Other causes of short cycling
Check for a stuck pressure switch
If the switch contacts are stuck closed (often from corrosion or pitting), the pump will run continuously regardless of actual pressure. Tap the switch gently — if the pump shuts off, the contacts are sticking and the switch needs replacement.
Check for a leak in the system
A continuously running pump with no faucets open almost always means water is escaping somewhere — a burst pipe, a running toilet, or an underground leak between the well and the house. Shut off the main valve to the house (leaving the pump-to-tank connection intact) — if the pump stops cycling, the leak is in the house plumbing; if it keeps running, the leak is between the well and the shutoff valve.
Do not let a pump run dry for extended periods
A pump running continuously without delivering water (lost prime, low well yield, or stuck switch with no actual water flow) can overheat and burn out the motor within hours. If you suspect this is happening, shut off power to the pump at the breaker until you've diagnosed the cause.

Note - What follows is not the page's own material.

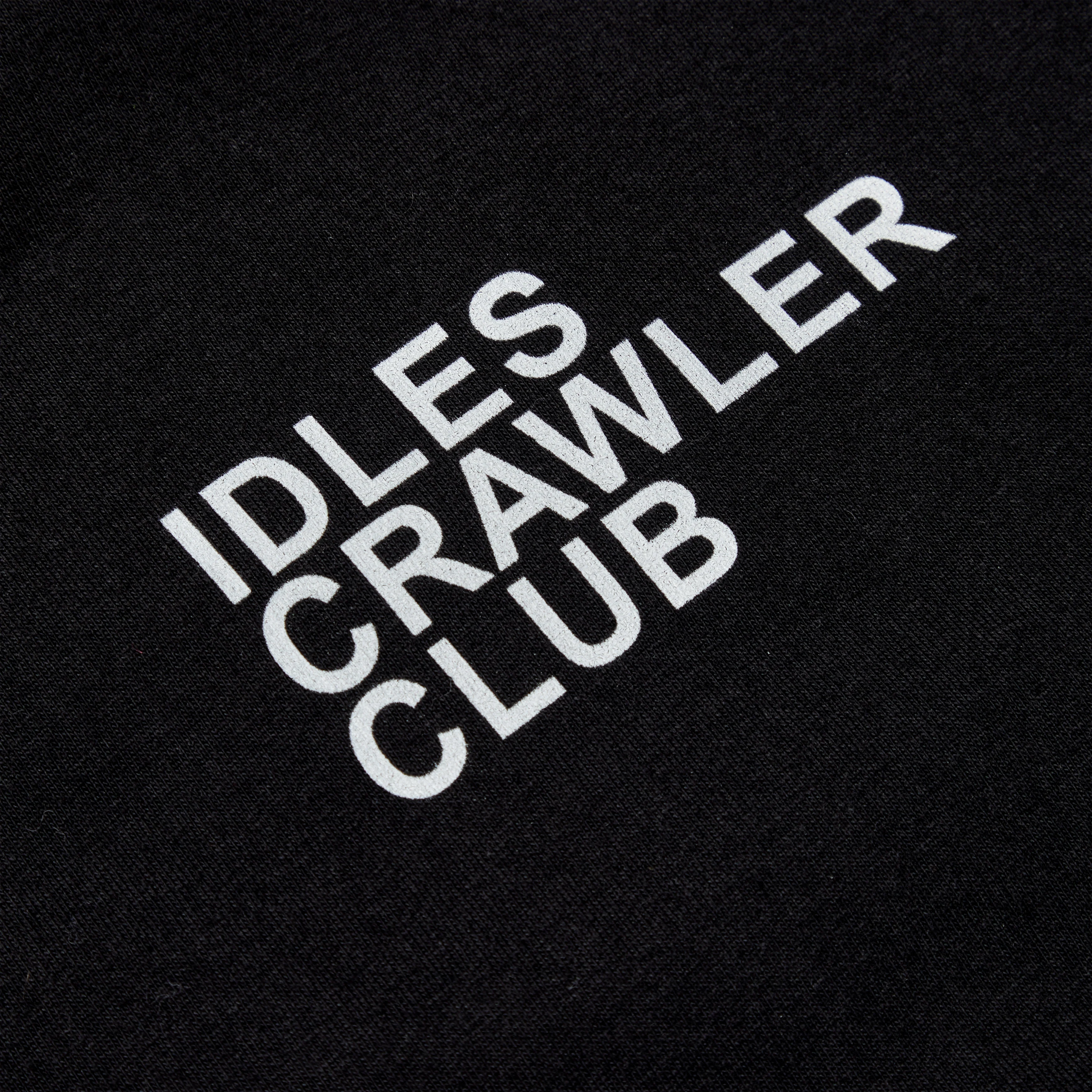Black t-shirt with IDLES CRAWLER CLUB screen printed on the front chest with snake imagery and 'We're Not Fighting, We're Just Dancing' on the back.

Lost prime (jet pumps and shallow wells)
Jet pumps (above-ground, used on shallow wells) need to be primed with water before they can draw from the well. If air gets into the system — from a leak, a dropped water table, or simply sitting unused — the pump will run but spin without moving water. Re-priming involves filling the pump housing with water through the priming plug before restarting; consult your specific pump model's manual for the exact procedure.
Failed check valve
The check valve prevents water from flowing back down into the well between pump cycles. If it fails, water drains back down after each cycle, the pump loses prime repeatedly, and you may notice the pump cycling more frequently than normal before eventually producing no water at all. Check valve replacement is a moderate DIY job for jet pump setups; for submersible systems, the check valve is often down in the well at the pump itself, requiring the pump to be pulled.

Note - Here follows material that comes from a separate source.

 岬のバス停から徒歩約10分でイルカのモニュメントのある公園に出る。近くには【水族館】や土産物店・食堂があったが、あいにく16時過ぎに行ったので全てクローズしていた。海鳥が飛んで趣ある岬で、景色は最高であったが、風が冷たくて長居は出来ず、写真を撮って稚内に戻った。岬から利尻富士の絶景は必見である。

Worn impeller (submersible pumps)
Over years of operation, especially in water with sand or sediment, the pump's impeller can wear down and lose its ability to move water effectively even while the motor still runs. This is a pump-internal failure — the pump must be pulled and either rebuilt or replaced. This is the scenario where calling a professional well contractor is the right call rather than attempting it yourself.
Costs vary regionally and with well depth. Deep wells (200+ ft) cost significantly more for pump replacement due to longer drop pipe, more wire, and the equipment needed to pull and reinstall the pump. Get at least two quotes from licensed well contractors for any submersible pump work — pricing varies widely by region and contractor.
✓ Reasonable DIY projects
Pressure switch replacement, pressure tank replacement, checking and adjusting air charge, check valve replacement on jet pump (above-ground) systems, re-priming a jet pump, diagnosing electrical issues with a multimeter (with power safely shut off first).
✗ Call a licensed well contractor
Pulling a submersible pump from a drilled well casing, any work requiring specialized pulling equipment, well depth or yield assessment, well rehabilitation (acid treatment, jetting), and any work on the well casing or wellhead itself. Submersible pump wiring splices also require specific waterproof connectors and technique — a failed splice underwater is expensive to diagnose and fix.